Whither Afghan Aid?

The surest way to keep Afghanistan terror-free is to move as quickly as possible to rebuild the country. And that requires substantial amounts of aid. Afghans themselves can contribute mainly willing minds, whatever skill and experience they have, and muscle power.

Such aid was promised back in January at an international donors' meeting in Tokyo – $4.5 billion over five years. So far, however, little of that has trickled into the war-battered nation.

Much of what has arrived, including millions of dollars in aid from the US, has gone to immediate humanitarian needs like food. Those needs are important, and could expand as winter comes on, particularly since large numbers of Afghans who fled the wars have returned to their villages.

But longer-term needs, such as rebuilding a nearly disintegrated transportation network, sadly languish.

Yet those very tangible improvements are what the interim government of Hamid Karzai yearns for, in order to show its people that progress is being made. To date, not a single major highway-building project has been launched. Roads connecting the country's largest cities have been gouged and crumbled by war; bridges are often in ruins.

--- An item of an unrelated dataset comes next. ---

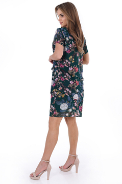 Sukienka została uszyta z cienkiego zwiewnego materiału. Jest wykończona podszewką. Dekolt okrągły. Sukieneczka zapinana jest z tyłu na mały guziczek. Skośne falbany zarówno z przodu jak i z tyłu optycznie wyszczuplają sylwetkę. Rękaw krótki. Sukienka jest luźna, nie posiada suwaka. Sukienka idealna na uroczyste spotkania w gronie rodziny i przyjaciół.

Commerce and something approaching normalcy await repair of these arteries.

Speeding things up won't be easy. International and national bureaucracies grind slowly. For a country that lacks any real economy, loans from regional or international banks seem problematic. The Kabul government recently backed out of a road-building plan with the World Bank because it saw no way to repay the loans offered by the bank. And many donor countries that have promised aid grants – including, most notably, the US – are in tight budget times.

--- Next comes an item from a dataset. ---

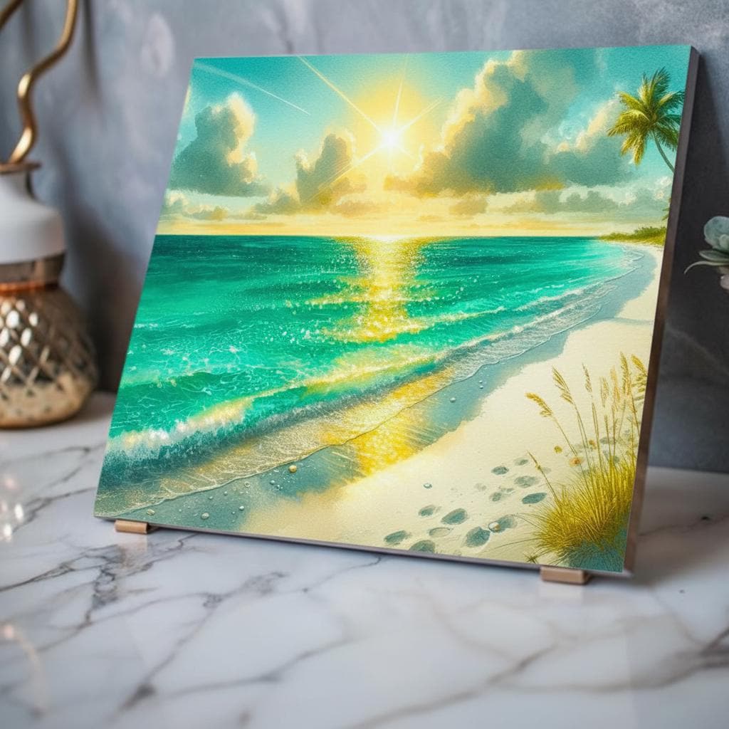 Sunlight spills across turquoise waves and warm sand in this glossy acrylic print, captured with vivid clarity and a luminous finish. The scene brings a quiet, restorative moment to any room — imagine morning light sliding across the wall as you sip coffee, or a calm, seaside pulse grounding your workspace after a long day. Mounted on sturdy, grade-A acrylic with crystal-clear edges, the image seems to float off the wall, drawing the eye without overwhelming the space. The included French cleat and hardware make installation straightforward and secure, so this piece becomes part of your room’s rhythm right away.

On top of all that, Afghan cabinet ministers have complained that what aid is arriving goes primarily to international agencies and not the government for dispersal. The government itself, however, is in need of aid to strengthen institutions so it can effectively participate in rebuilding.

US soldiers and other foreign security forces are doing what they can to spread goodwill in Afghanistan – for example, distributing school supplies. And some schools and hospitals have been rebuilt. But a still very shaky Afghan government, beset by threats of ethnic division, needs much more.

The nations allied to erase terrorism from Afghanistan would do well to start stitching the country back together with serviceable roads.